Dr. John studies metabolism in the setting of pediatric infections, in order to identify new anti-infective drug targets, understand drug resistance, and develop new diagnostics.

Dr. Falk is a Clinical Geneticist who serves as executive director of the Mitochondrial Medicine Frontier Program. Her translational research lab investigates the causes and global metabolic consequences of mitochondrial disease, as well as targeted therapies, in C. elegans, zebrafish, mouse, and human tissue models of genetic-based respiratory chain dysfunction.

Dr. Bailis aims to understand how metabolism underlies immunology and disease, by controlling the biochemistry of cells and tissues. His lab does so using in vitro and in vivo CRISPR engineering of primary human and mouse immune cells, with the goal of developing diet and metabolite based therapies.

Dr. Edmondson is an attending physician with the Metabolic Disease Program and the Division of Human Genetics at CHOP, and an assistant professor of Pediatrics in the Perelman School of Medicine at the University of Pennsylvania. His research focuses on the study of glycosylation in the brain.

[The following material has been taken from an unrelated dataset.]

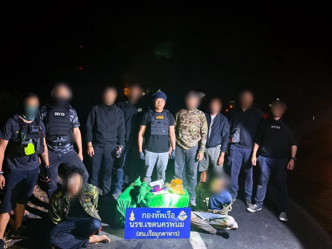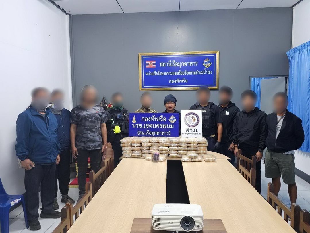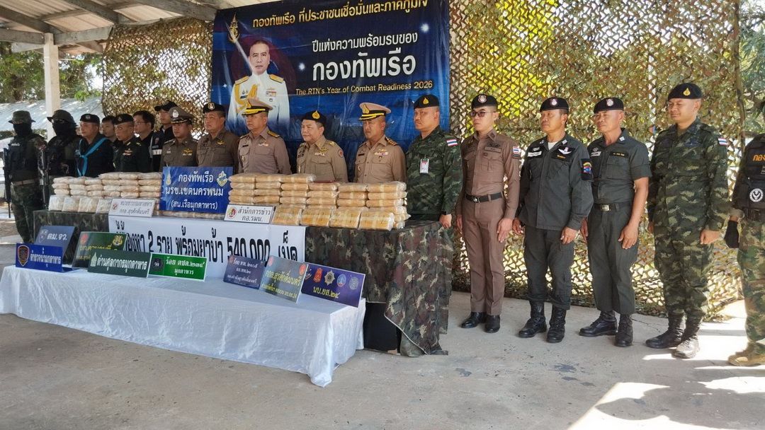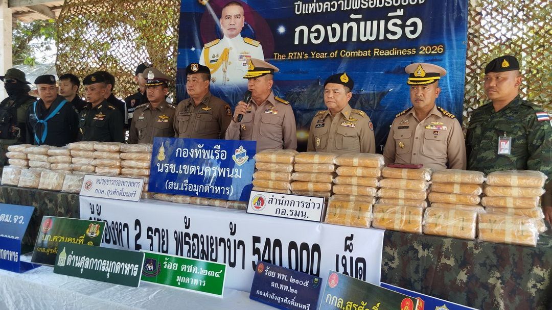 วันที่ 16 ก.พ. 69 ที่สถานีเรือมุกดาหาร พล.ร.ต.ณรงค์ เอมดี ผบ.นรข. พร้อมด้วย นายชลิต ทิตย์คำ รองผู้ว่าราชการจังหวัดมุกดาหาร และหน่วยงานความมั่นคง ร่วมกันแถลงผลการจับกุมยาเสพติดให้โทษประเภท 1 (ยาบ้า) จำนวนมหาศาลกว่า 540,000 เม็ด พร้อมผู้ต้องหาชาว สปป.ลาว 2 ราย

Dr. Nissim is a biochemist and a pioneer in the application of stable isotopes, mass spectrometry, and nuclear magnetic resonance to study metabolome and fluxome and their coupling to genome in normal and disease states. His long-standing interest focuses on understanding the cause, mechanisms, and outcome of metabolic disorders.

Dr. Denburg addresses fundamental limitations in understanding of skeletal morbidity in patients with chronic kidney disease, glomerular disease, and urinary stone disease, and develops resources to conduct observational research and trials to optimize health outcomes in these high risk populations.

Dr. Calabria is interested in the clinical evaluation of children at risk for bone disease. He has particular interest in metabolic bone disease/osteopenia of prematurity in at-risk neonates/infants.

Dr. Berger's research focus involves the development of pediatric heart failure and underlying metabolic drivers. He studies how improving metabolic dysregulation may also benefit cardiac dysfunction.

Dr. Kelly’s research career began with deciphering the genetic basis of inborn errors in metabolism in children, followed by a series of breakthrough discoveries relevant to the diagnosis and treatment of common forms of heart failure in the general population.